● **Prompt**
The following entries should be restated word for word, pictures excluded.

--- Excerpted records Enclosed Below ---

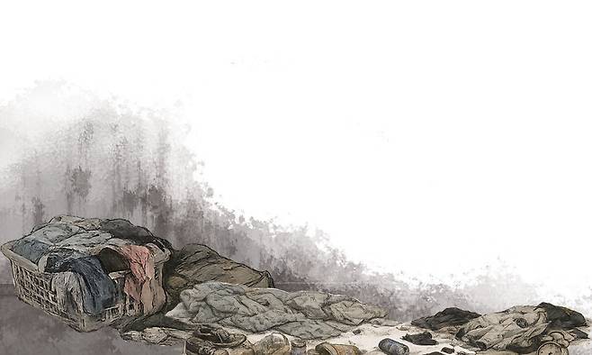 “몇 년을 이렇게 지내니까 책임감도 더 생기더라고요.” 어색하게 웃으며 말하는 수빈의 등 뒤로 서랍장 위에 놓인 빨래 바구니가 보였다. 세 식구의 묵은 빨래가 천장에 닿을 정도로 쌓여 위태로웠다. 싱크대 안에는 언제 마지막으로 사용했는지 짐작하기 어려운 식기가 가득했다. 현관문 바깥쪽에는 1만1000원 남짓한, 2026년 2월 수도요금 납부를 재촉하는 안내장이 붙어 있었다. 유통기한이 한참 지난 우유 대여섯 박스가 인근에 쌓여 있었다. 냉장고 안에는 먹다 남은 음식이 배달 용기째 가득했다. 수빈이 쓰는 작은 방 안에는 텅 빈 생수병 서너 개가 굴러다녔다.
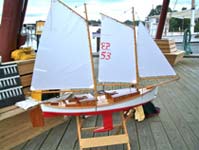 Additional to the sharpie building project, sometime ago a kindly gentleman offered David an antique (approx 1937 vintage) 6 metre pond yacht in need of a total rebuild on which he spent just short of 200 hours rebuilding. Seen above (left) in its restored state
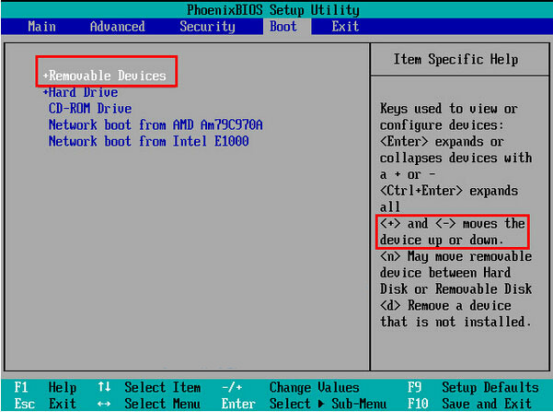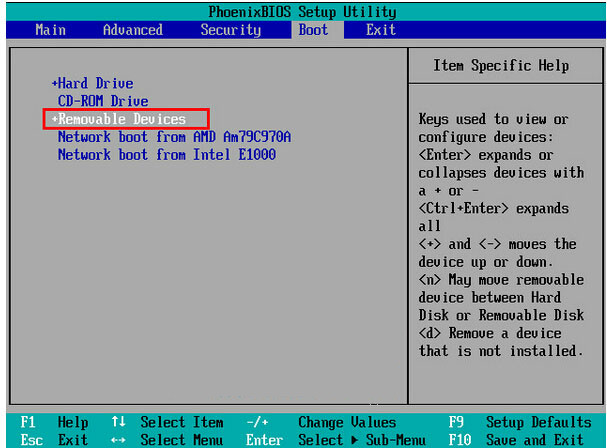 2.此時在bios界面中使用方向鍵將鼠標移動至“boot”選項并找到U盤設備。(不同電腦的U盤設備顯示不同,一般為U盤名稱或usb開頭的選項),小編這里顯示“removeble device”,即“可移動設備”。
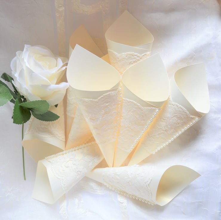 Beautiful Handmade Ivory Wedding Confetti, Afternoon Tea or Party Cones to fill with confetti, sugared almonds, chocolates or a small gift they are a special adornment to any wedding or table.
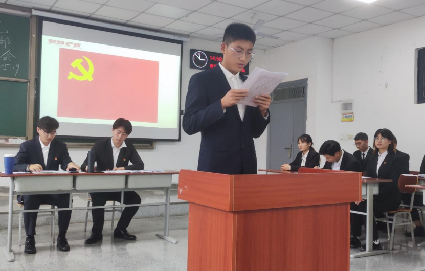大会伊始,全体起立奏国际歌。其后,罗晓矗等14名发展对象逐一向党组织全面深刻地剖析自己的缺点和未来改进的方向。随后,由两位入党介绍人向与会人员介绍了该同志的思想政治和学习生活情况并由支委宣读其政治审查情况;随后对于该名同学入党情况进行大会统一讨论,许多同志对本次的发展对象真实地指出了其存在的问题并对他们日后的工作与学习提出了建议。经支部党员充分讨论,以正式党员无记名投票方式对发展对象进行投票并现场公布投票结果,罗晓矗等14名发展对象全票通过,党支部决定接收他们为中共预备党员。随后,罗晓矗等14名发展对象面对党旗庄严宣誓,表明了自己对党的忠诚和入党决心。
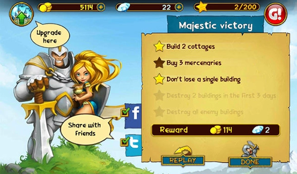 第一步,我们用25颗钻石买下寺庙。游戏开始后,先把村庄建造满。接着,先升级城堡,再升级村庄,这个阶段不要购买士兵。等到第三天敌人撤退后,把所有村庄卖掉,然后全部用来建造寺庙。当晚上敌人前来攻击时,在最后面的建筑后面建造一个泰坦,这样敌军的火力就会被泰坦吸引。之后,我们攒够11000信仰值,制造出四个泰坦,直接消灭对方。
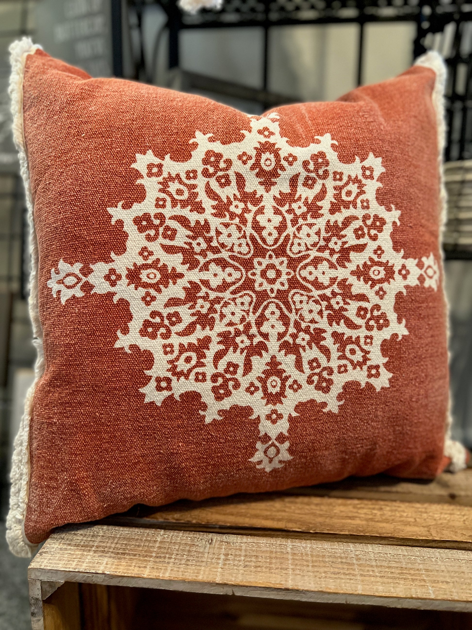 Casual Floral Mandala Medallion Throw Pillow with Tufted Border.
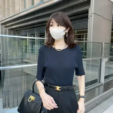 黒のワイドパンツは本当に万能で、オンオフ問わず穿くことができます。
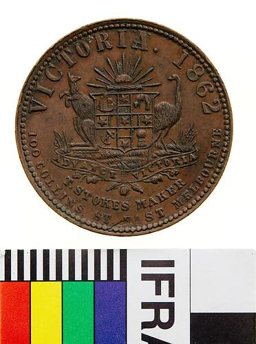Coat of arms consisting of a central shield set on grass covered ground and below Rising Sun. On left a kangaroo seated facing out but head back towards sun (sejant sinister reguardant) and on right emu with similar stance (passant dexter reguardant). Below ground line and set on bouquet of rose, thistles and shamrock, a ribbon with the motto ADVANCE VICTORIA. The shield is quartered by a cross with a star at the centre and at the end of each arm. The cross is not shaded. The quarters contain: top left, a three-masted sailing ship; top right, a golden fleece; bottom left, an anchor; and bottom right, a wheat sheaf. Around above, VICTORIA . 1862 around below in two lines, T. STOKES MAKER / 100 COLLINS ST. EAST MELBOURNE. The neck of the emu is poorly engraved with additional line to the left, the T of EAST is below the letters AK of MAKER. The standard references for the die used to make this token are: Andrews 13 = Heyde Arms 5 = Sharples Arms 6.
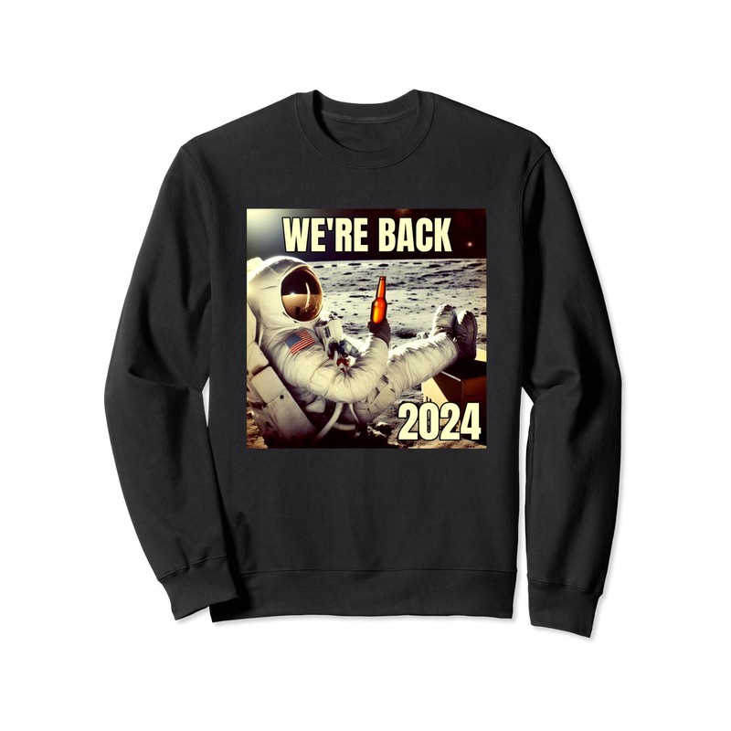 2024 Moon Landing We're Back Astronaut Drinking Beer Design Sweatshirt

--- End of Enclosed Excerpted records ---

● **Worked solution**
 “몇 년을 이렇게 지내니까 책임감도 더 생기더라고요.” 어색하게 웃으며 말하는 수빈의 등 뒤로 서랍장 위에 놓인 빨래 바구니가 보였다. 세 식구의 묵은 빨래가 천장에 닿을 정도로 쌓여 위태로웠다. 싱크대 안에는 언제 마지막으로 사용했는지 짐작하기 어려운 식기가 가득했다. 현관문 바깥쪽에는 1만1000원 남짓한, 2026년 2월 수도요금 납부를 재촉하는 안내장이 붙어 있었다. 유통기한이 한참 지난 우유 대여섯 박스가 인근에 쌓여 있었다. 냉장고 안에는 먹다 남은 음식이 배달 용기째 가득했다. 수빈이 쓰는 작은 방 안에는 텅 빈 생수병 서너 개가 굴러다녔다.
 Additional to the sharpie building project, sometime ago a kindly gentleman offered David an antique (approx 1937 vintage) 6 metre pond yacht in need of a total rebuild on which he spent just short of 200 hours rebuilding. Seen above (left) in its restored state
 2.此時在bios界面中使用方向鍵將鼠標移動至“boot”選項并找到U盤設備。(不同電腦的U盤設備顯示不同,一般為U盤名稱或usb開頭的選項),小編這里顯示“removeble device”,即“可移動設備”。
 Beautiful Handmade Ivory Wedding Confetti, Afternoon Tea or Party Cones to fill with confetti, sugared almonds, chocolates or a small gift they are a special adornment to any wedding or table.
大会伊始,全体起立奏国际歌。其后,罗晓矗等14名发展对象逐一向党组织全面深刻地剖析自己的缺点和未来改进的方向。随后,由两位入党介绍人向与会人员介绍了该同志的思想政治和学习生活情况并由支委宣读其政治审查情况;随后对于该名同学入党情况进行大会统一讨论,许多同志对本次的发展对象真实地指出了其存在的问题并对他们日后的工作与学习提出了建议。经支部党员充分讨论,以正式党员无记名投票方式对发展对象进行投票并现场公布投票结果,罗晓矗等14名发展对象全票通过,党支部决定接收他们为中共预备党员。随后,罗晓矗等14名发展对象面对党旗庄严宣誓,表明了自己对党的忠诚和入党决心。
 第一步,我们用25颗钻石买下寺庙。游戏开始后,先把村庄建造满。接着,先升级城堡,再升级村庄,这个阶段不要购买士兵。等到第三天敌人撤退后,把所有村庄卖掉,然后全部用来建造寺庙。当晚上敌人前来攻击时,在最后面的建筑后面建造一个泰坦,这样敌军的火力就会被泰坦吸引。之后,我们攒够11000信仰值,制造出四个泰坦,直接消灭对方。
 Casual Floral Mandala Medallion Throw Pillow with Tufted Border.
 黒のワイドパンツは本当に万能で、オンオフ問わず穿くことができます。
Coat of arms consisting of a central shield set on grass covered ground and below Rising Sun. On left a kangaroo seated facing out but head back towards sun (sejant sinister reguardant) and on right emu with similar stance (passant dexter reguardant). Below ground line and set on bouquet of rose, thistles and shamrock, a ribbon with the motto ADVANCE VICTORIA. The shield is quartered by a cross with a star at the centre and at the end of each arm. The cross is not shaded. The quarters contain: top left, a three-masted sailing ship; top right, a golden fleece; bottom left, an anchor; and bottom right, a wheat sheaf. Around above, VICTORIA . 1862 around below in two lines, T. STOKES MAKER / 100 COLLINS ST. EAST MELBOURNE. The neck of the emu is poorly engraved with additional line to the left, the T of EAST is below the letters AK of MAKER. The standard references for the die used to make this token are: Andrews 13 = Heyde Arms 5 = Sharples Arms 6.
 2024 Moon Landing We're Back Astronaut Drinking Beer Design Sweatshirt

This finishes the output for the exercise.